## Assigned task:
Output all entries exactly as they appear and skip the pictures.

_ _ _

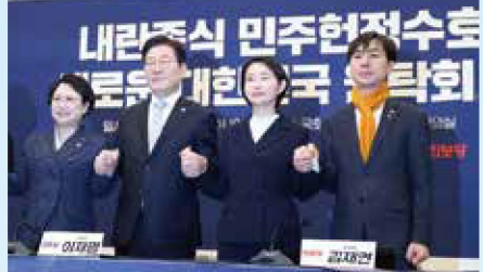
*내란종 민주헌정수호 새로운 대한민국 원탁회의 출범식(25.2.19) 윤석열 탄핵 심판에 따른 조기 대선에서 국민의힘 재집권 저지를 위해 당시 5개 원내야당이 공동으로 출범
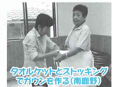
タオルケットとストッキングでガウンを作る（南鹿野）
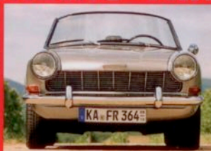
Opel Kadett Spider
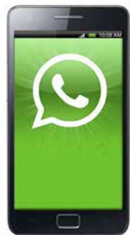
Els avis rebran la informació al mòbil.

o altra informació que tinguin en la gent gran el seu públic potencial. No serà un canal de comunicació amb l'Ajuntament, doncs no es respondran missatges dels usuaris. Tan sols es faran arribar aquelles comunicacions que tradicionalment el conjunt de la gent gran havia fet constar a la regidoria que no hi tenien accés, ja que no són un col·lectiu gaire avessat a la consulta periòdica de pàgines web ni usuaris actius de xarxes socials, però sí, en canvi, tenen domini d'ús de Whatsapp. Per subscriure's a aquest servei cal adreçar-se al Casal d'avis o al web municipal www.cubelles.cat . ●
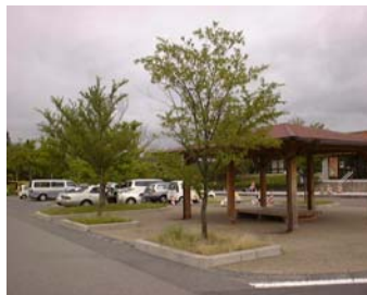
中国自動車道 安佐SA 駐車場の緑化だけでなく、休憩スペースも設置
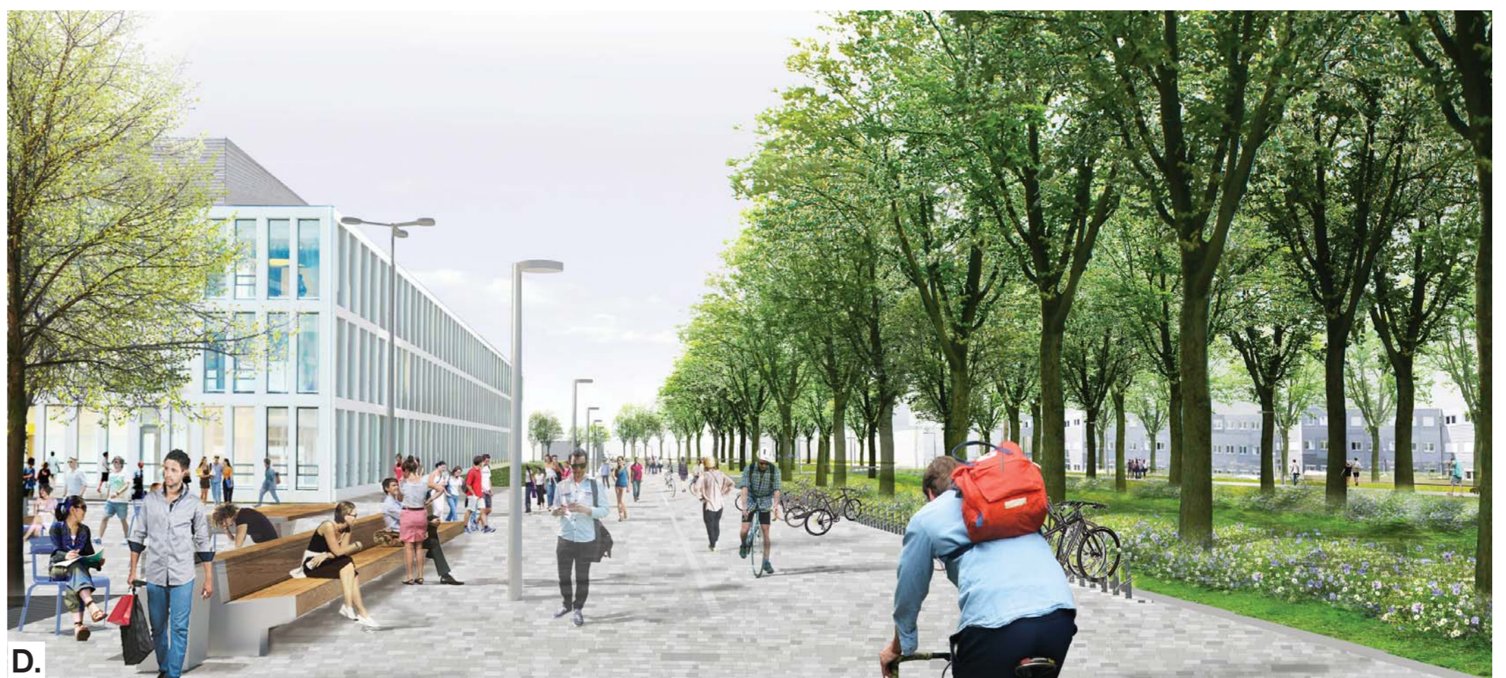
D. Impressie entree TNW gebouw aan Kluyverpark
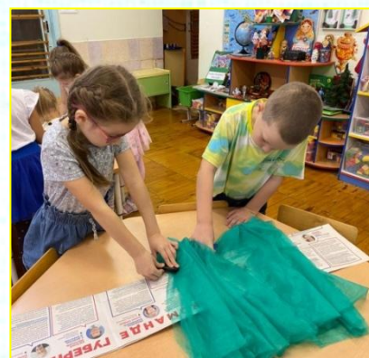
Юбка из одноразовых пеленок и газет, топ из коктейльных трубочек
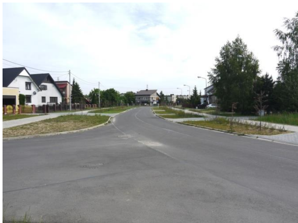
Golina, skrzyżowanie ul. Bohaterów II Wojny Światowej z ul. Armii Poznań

_ _ _

## Answer to this exercise:
*내란종 민주헌정수호 새로운 대한민국 원탁회의 출범식(25.2.19) 윤석열 탄핵 심판에 따른 조기 대선에서 국민의힘 재집권 저지를 위해 당시 5개 원내야당이 공동으로 출범
タオルケットとストッキングでガウンを作る（南鹿野）
Opel Kadett Spider
Els avis rebran la informació al mòbil.

o altra informació que tinguin en la gent gran el seu públic potencial. No serà un canal de comunicació amb l'Ajuntament, doncs no es respondran missatges dels usuaris. Tan sols es faran arribar aquelles comunicacions que tradicionalment el conjunt de la gent gran havia fet constar a la regidoria que no hi tenien accés, ja que no són un col·lectiu gaire avessat a la consulta periòdica de pàgines web ni usuaris actius de xarxes socials, però sí, en canvi, tenen domini d'ús de Whatsapp. Per subscriure's a aquest servei cal adreçar-se al Casal d'avis o al web municipal www.cubelles.cat . ●
中国自動車道 安佐SA 駐車場の緑化だけでなく、休憩スペースも設置
D. Impressie entree TNW gebouw aan Kluyverpark
Юбка из одноразовых пеленок и газет, топ из коктейльных трубочек
Golina, skrzyżowanie ul. Bohaterów II Wojny Światowej z ul. Armii Poznań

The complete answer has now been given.